Sabato mattina, ore 9,45.
Preciso. Puntuale. Sento il rumore del bicilindrico. Apro la porta: è arrivato. “Entra un momento Lollo, dobbiamo ancora stabilire il nostro raggio di azione.” Le possibilità di compromesso tra una proficua caccia al manghetto ed un continuo saliscendi di curve e tornanti sono due e farebbero fremere di emozione qualunque motociclista con un briciolo di consapevolezza: Pontassieve, il Muraglione, Forlì. Le quattro fumetterie di Forlì. Oppure la Volterrana, Cecina, la relativa fumetteria, la costa verso Nord ed un paradiso di molteplici possibilità costellate di manga: Livorno, Pisa, Lucca, Pontedera, Empoli e che Dio si preoccupi di stenderci un tappeto rosso. Seconda possibilità: stiamo arrivando.
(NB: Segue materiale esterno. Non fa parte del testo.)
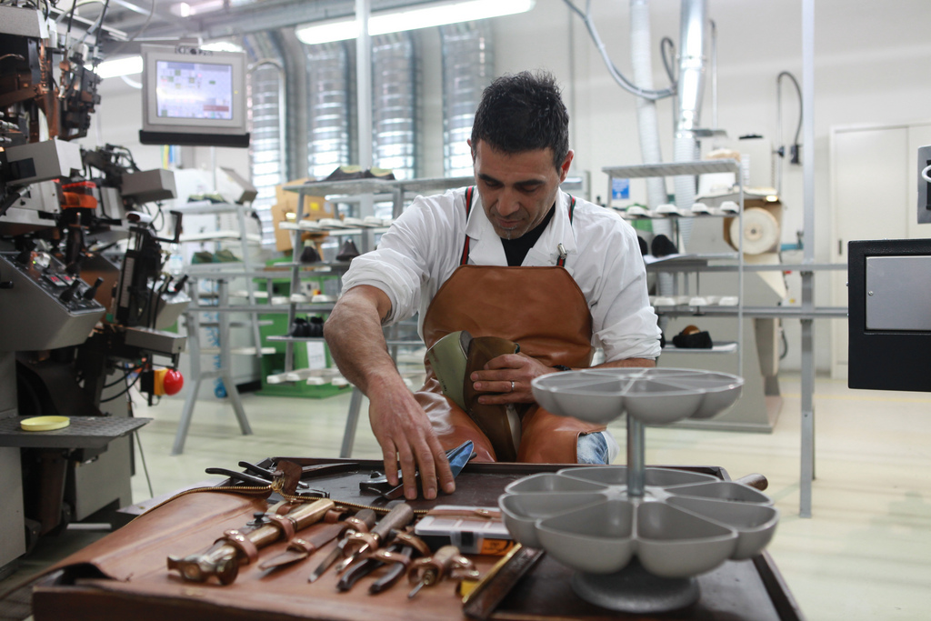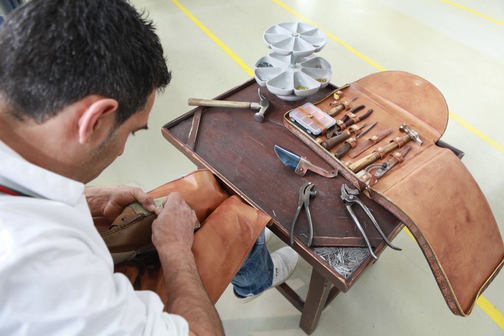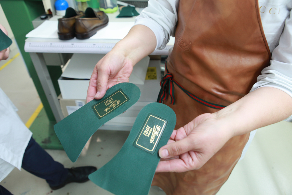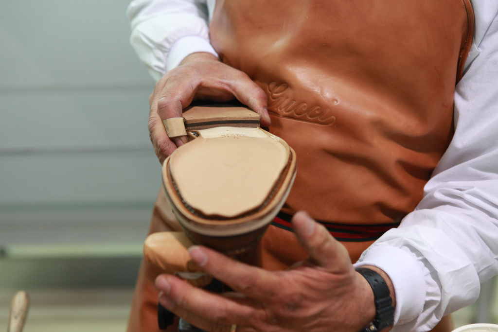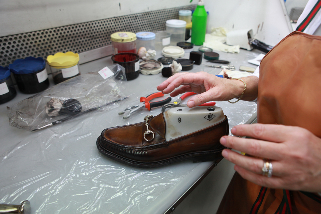 If teleported into the building without any knowledge of the craft that held within those walls, one could reasonably think workers were turning out semiconductors or some other ultra-modern device. The neatly-organized space is bright and clean with machinery clustered sporadically along a looping line. It is the perfect marriage of technology and traditional craft with a seasoned group of shoemakers, sewers and cutters all under one roof. The nexus of old and new world is best exemplified in the attire of the tradespeople themselves; each worker wears a white lab coat with a beautifully tanned leather apron in a charming way that only Italians can pull off. The craftsmen attach the leather loafers to the last by hand with a nail and hammer while sitting on a little wooden stool at a well worn and purpose built work bench. Even the tools have their own Gucci embossed leather kit to keep all necessary instruments organized and at hand. Looking around, I had a vision of what it would have been like for an Italian 1950s me driving my Cinquecento to the factory, grabbing my apron and going to work as a skilled (and humble) craftsman. If Daniel Day Lewis can do it, why not me?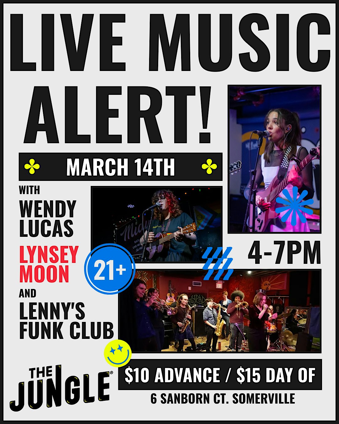 by admin13Feb Lenny’s Funk Club | Lynsey Moon | Wendy Lucas at The Jungle – Somerville, MA Lenny’s Funk Club | Lynsey Moon | Wendy Lucas at The Jungle – Somerville, MA 2 2 people viewed this event. Live Music at The Jungle Tickets-RSVP Link Date And Time Saturday, March 14th, 2026 08:00 PM (PST) Venue The Jungle Location 6 Sanborn Court, Somerville, MA 2143 Event Types Concert or PerformanceMusic Event Category Massachusetts Share With Friends Facebook Twitter Linkedin Xing Pinterest Share This Post:

Raccolgo le cose che probabilmente mi saranno utili. Abbigliamento, un paio di guanti, il giubbino BMW -perché è a tema e perché anche l’occhio vuole la sua parte- e qualche ammennicolo tecnologico che potrebbe sempre servire: cellulo e GPS. Il casco mi viene gentilmente offerta dalla controparte che si occuperà della guida e, dato che ha l’interfono, proprio non me la sento di rifiutare. Della serie: “a noi la NASA ci allaccia le scarpe”. In realtà la procedura per la corretta gestione dell’interfono non è proprio immediata e solo alla terza messa in atto ne sarò divenuto padrone. Vestizione a parte, la procedura prevede i seguenti passaggi: sale in sella il pilota, sale in sella il passeggero. Il passeggero si intasca l’interfono che –possibilmente- si è già preoccupato di connettere al proprio trasmettitore nel casco. Si posiziona. Recupera e connette il cavo del trasmettitore del casco del pilota. Accende l’interfono. Conclude la vestizione infilandosi i guanti che gli impacciavano le mani per le operazioni precedenti. Chiude la visiera. Fine.
Si parte. La moto muove i primi metri. Anche la mia testa è partita, già da qualche secondo infatti nelle mie orecchie echeggiano gli Steppenwolf (“Born to be Wild” ovviamente) mentre i miei occhi visualizzano Peter Fonda e Dennis Hopper, in quello che è uno dei migliori film di sempre: “Easy Rider”. Tutto ciò senza dimenticare le parole di Romano Malaspina: “Goldrake, avanti!”
Attraversiamo Firenze. Tutto bene. Si sta comodi in sella, la moto vibra un po’, soprattutto sulle pedane del passeggero, ma niente di insopportabile. A fine serata il fisico ne accuserà di tutti i colori, tranne che per quello.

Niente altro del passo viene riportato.